I am interested in when and how one can trade a non-liner ODE for a linear PDE. To explain what this could look like here is a physics-inspired discussion.

Consider a classical mechanical system with one degree on freedom $q$ and a Hamiltonian $H(q,p,t)$. The equations of motion can be cast as the Euler-Lagrange equations which are second-order ODE, non-linear in the generic case. Yet another equivalent way is through the Hamilton-Jacobi equation $$ \frac{\partial S}{\partial t}+H\left(q,\frac{\partial S}{\partial q},t\right)=0 \qquad (1)$$ which is a single non-linear PDE.

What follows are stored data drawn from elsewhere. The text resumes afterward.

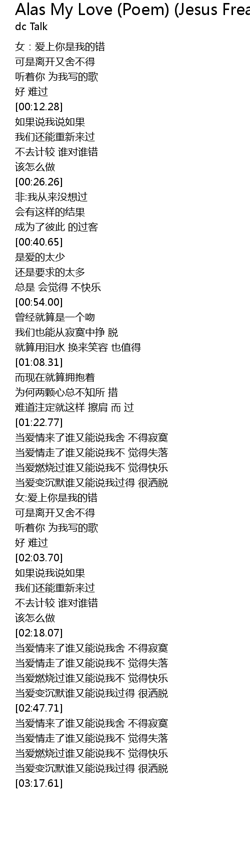 | Song | Alas My Love (Poem) (Jesus Freak 10th Anniversary Version) (2006 Digital Remaster) |
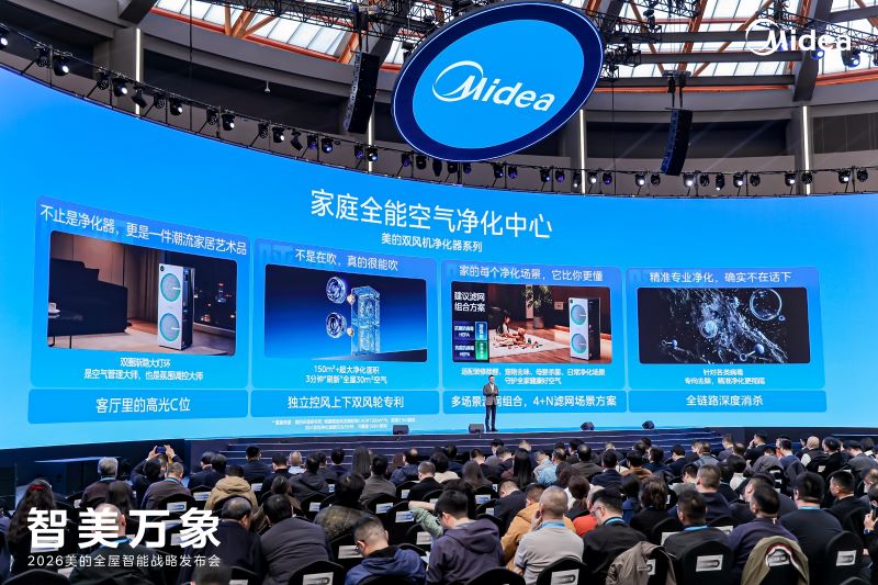 3月10日,以“智美万象”为主题的美的2026全屋智能战略发布会在上海举行。围绕现代家庭在空气管理、饮食烹饪等生活核心场景的多个痛点,美的小家电现场发布了美的双风机净化器U8等多款重磅新品,为追求健康品质生活的家庭提供专业守护。
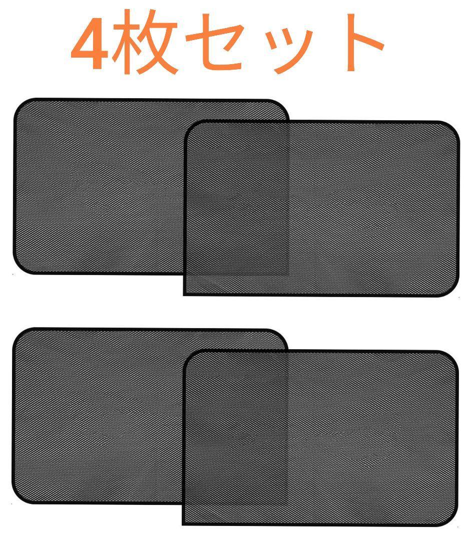 四角4枚セット 車用サンシェード 車中泊 磁石カーテン 日よけ 磁石内蔵 車用網戸 マグネット式 遮光サンシェード (10個内蔵磁石移動可能、間隔調整可能)
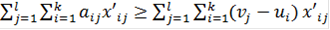 (транспортные расходы минимальны). Выполняются ли условия потенциальности для плана Х' - неизвестно, но каждой клетке (i, j) макета 8, исходя из потенциальности плана Х, соответствует неравенство vj - ui £ aij или, наоборот, aij ≥ vj - ui. Возьмем из каждой клетки макета соответствующий х'ij, умножим его на левую и правую части последнего неравенства и сложим. Получим неравенство <

Quantum-mechanically this system is described by a linear Schrodinger equation (I gloss over all ambiguities and subtleties that might be in quantizing a classical system) $$-i\hbar\frac{\partial \psi}{\partial t}+H(q,-i\hbar\partial_q,t)\psi=0 \qquad (2)$$

Formally, equation (1) is the $\hbar\to0$ limit of equation (2) if one makes the following ansatz $\psi=e^{iS/\hbar}$. So it seems that at least formally for a large class of ODE one can find an equivalent linear PDE. I am interested to learn if there is any systematic theory to back up this heuristic arguments.